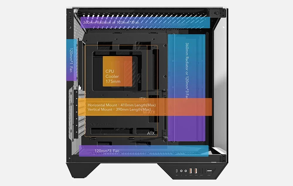 Darkflash DY470 korpusas suderinamas su ATX pagrindinėmis plokštėmis, turinčiomis back-connect sistemą, leidžiančią paslėpti daugumą kabelių. Toks erdvės organizavimas užtikrina tvarkingą vidinį vaizdą ir palengvina kabelių tvarkymą. Pamirškite neestetiškai atrodančius kabelius, matomus pro priekinį skydelį!
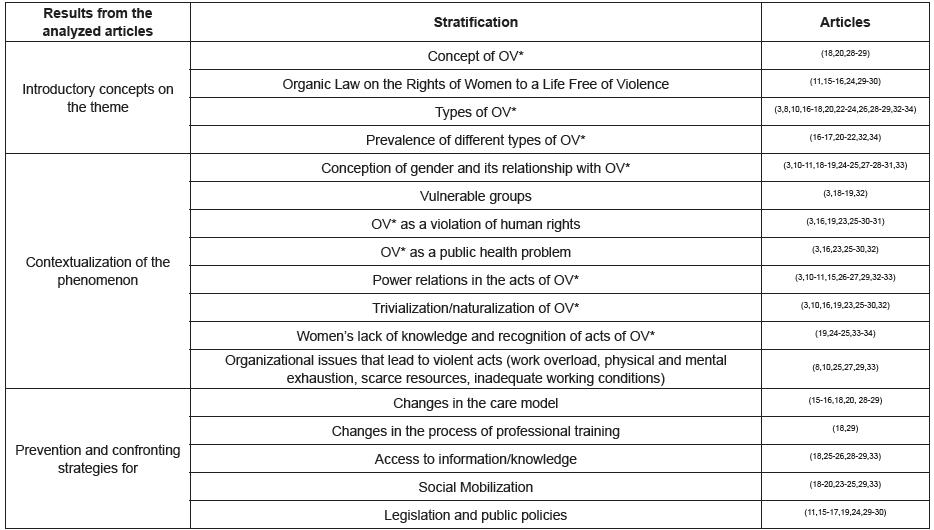 The articles were analyzed to identify similar information shared in their results and discussions. To better understand the data, three analytical categories were prepared: Introductory concepts on the theme; Contextualization of the phenomenon and Prevention and confronting strategies. The synthesis of these elements allowed the organization of the ideas that composed the discussion, in order to characterize OV in daily care (Figure 3).
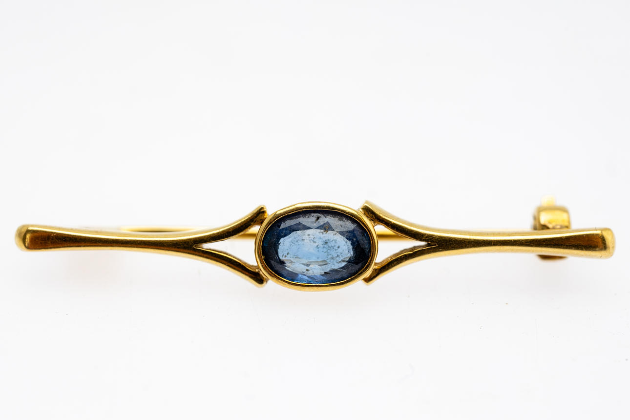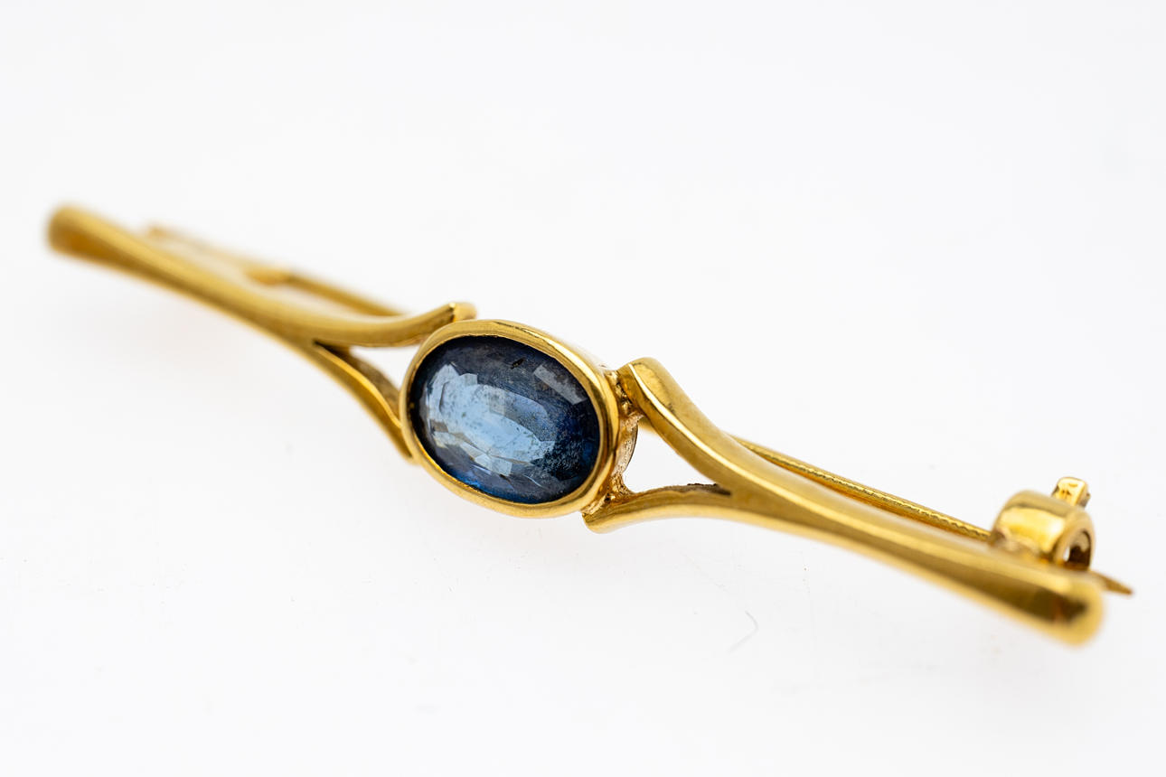 1 brooch made of 585 gold, set with cultured pearls and two diamonds. 1 brooch made of 750 gold, set with a sapphire.
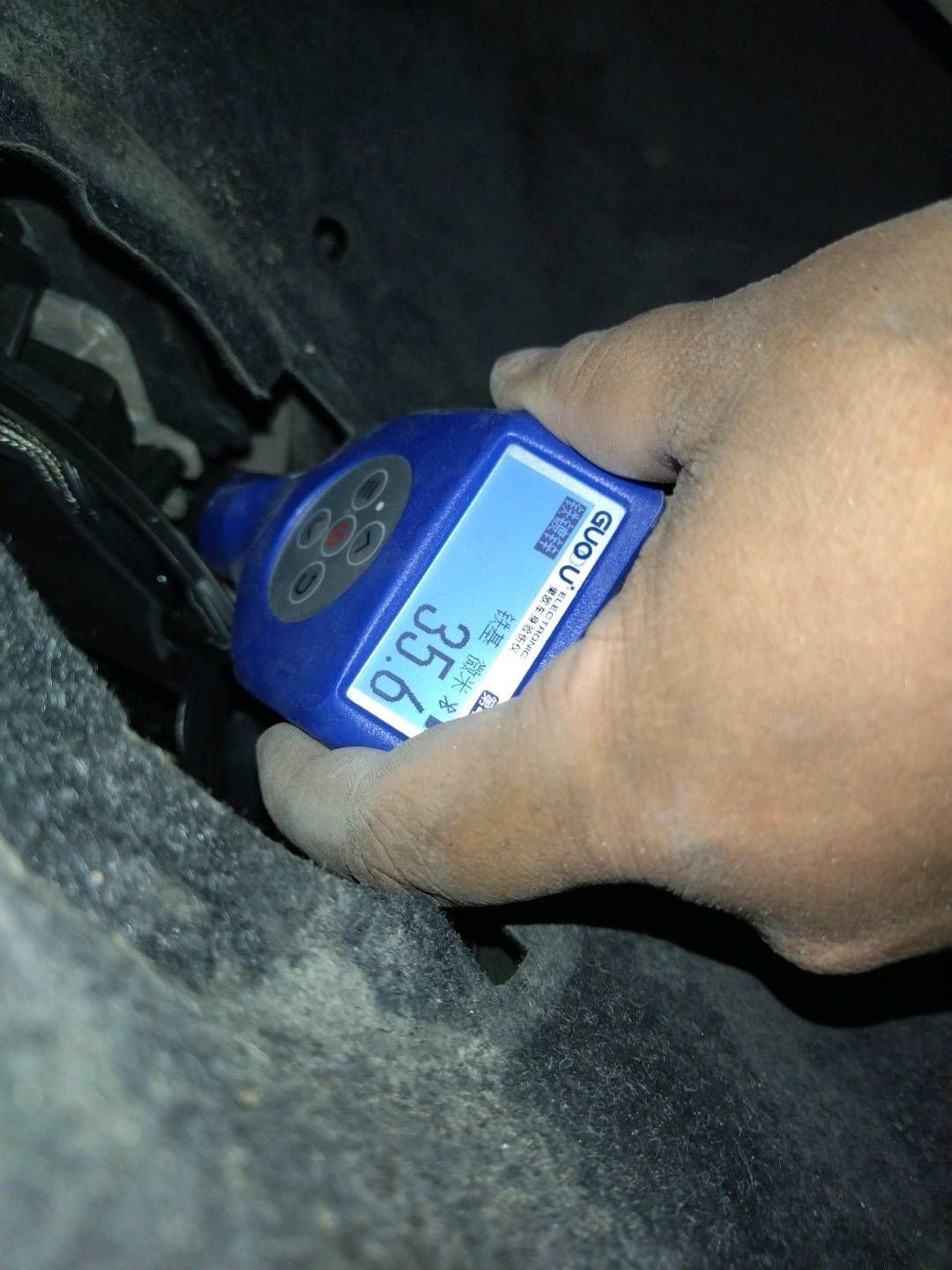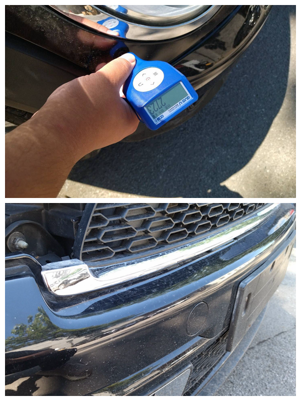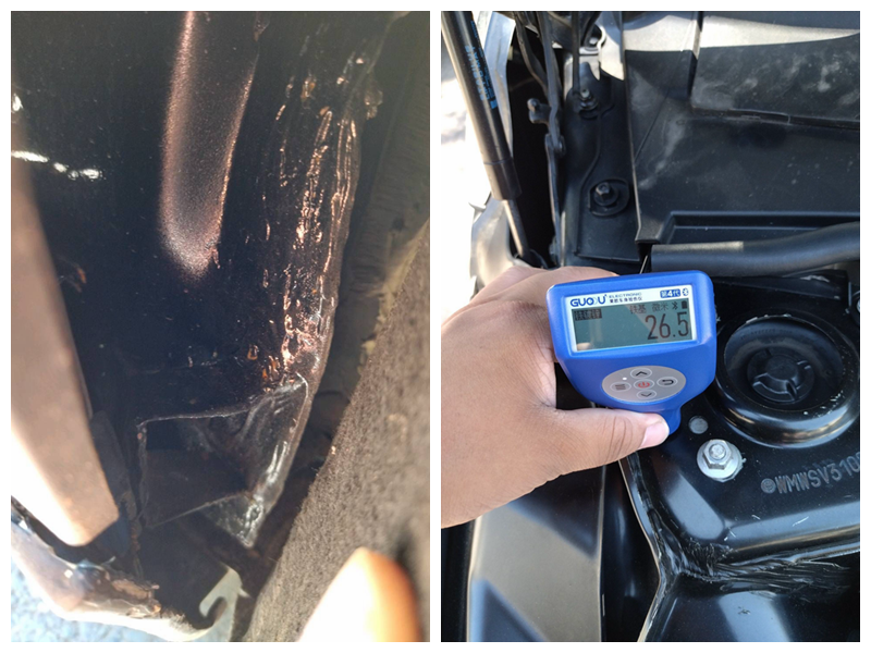 前保险杠更换,固定螺丝拧动过,做工也不好!机盖右前角位置重度钣金,漆面厚度比原厂标准高了20倍不止,里面都是腻子灰啊!照这个情况来看,右前方应该发生过碰撞事故,至于事故的大小还得仔细排查发动机舱里面才能有个大概判断!
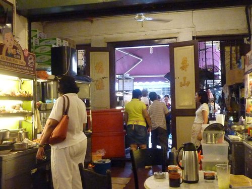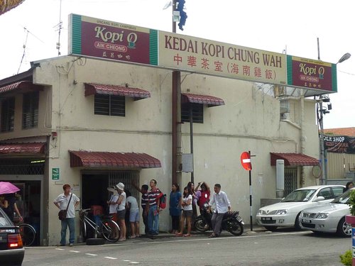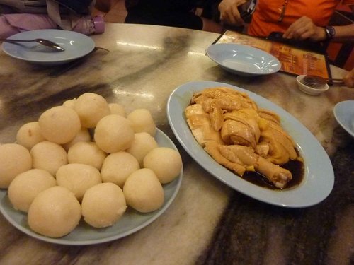 它是店面最小、店齡最久的老店。除了招牌海南雞之外,就只有雞飯團,由大粒飯團逐漸縮小為飯圓。以吃過中華茶室的經驗談,老闆剁雞的手從營業開始就沒停過,連客人點菜都沒時間做出回應,因為店裡只有海南雞與雞飯團,簡簡單單的做法;卻突顯它不平凡的味道,通常一盤雞飯團只有5顆,再搭配一盤海南白斬雞與特製的蘸醬〈老抽、薑泥、桔醬〉而已。
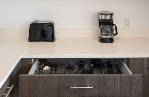 Apartment comes fully furnished with a 55 inch smart tv with access to your favorite streaming services and a 24 inch HD monitor, making it an ideal space for traveling professionals and digital nomads.
=======
**What is expected**
Retype all of the entries exactly as written, leaving out any images.

**Output below**
 Darkflash DY470 korpusas suderinamas su ATX pagrindinėmis plokštėmis, turinčiomis back-connect sistemą, leidžiančią paslėpti daugumą kabelių. Toks erdvės organizavimas užtikrina tvarkingą vidinį vaizdą ir palengvina kabelių tvarkymą. Pamirškite neestetiškai atrodančius kabelius, matomus pro priekinį skydelį!
 The articles were analyzed to identify similar information shared in their results and discussions. To better understand the data, three analytical categories were prepared: Introductory concepts on the theme; Contextualization of the phenomenon and Prevention and confronting strategies. The synthesis of these elements allowed the organization of the ideas that composed the discussion, in order to characterize OV in daily care (Figure 3).
 1 brooch made of 585 gold, set with cultured pearls and two diamonds. 1 brooch made of 750 gold, set with a sapphire.
 前保险杠更换,固定螺丝拧动过,做工也不好!机盖右前角位置重度钣金,漆面厚度比原厂标准高了20倍不止,里面都是腻子灰啊!照这个情况来看,右前方应该发生过碰撞事故,至于事故的大小还得仔细排查发动机舱里面才能有个大概判断!
 它是店面最小、店齡最久的老店。除了招牌海南雞之外,就只有雞飯團,由大粒飯團逐漸縮小為飯圓。以吃過中華茶室的經驗談,老闆剁雞的手從營業開始就沒停過,連客人點菜都沒時間做出回應,因為店裡只有海南雞與雞飯團,簡簡單單的做法;卻突顯它不平凡的味道,通常一盤雞飯團只有5顆,再搭配一盤海南白斬雞與特製的蘸醬〈老抽、薑泥、桔醬〉而已。
 Apartment comes fully furnished with a 55 inch smart tv with access to your favorite streaming services and a 24 inch HD monitor, making it an ideal space for traveling professionals and digital nomads.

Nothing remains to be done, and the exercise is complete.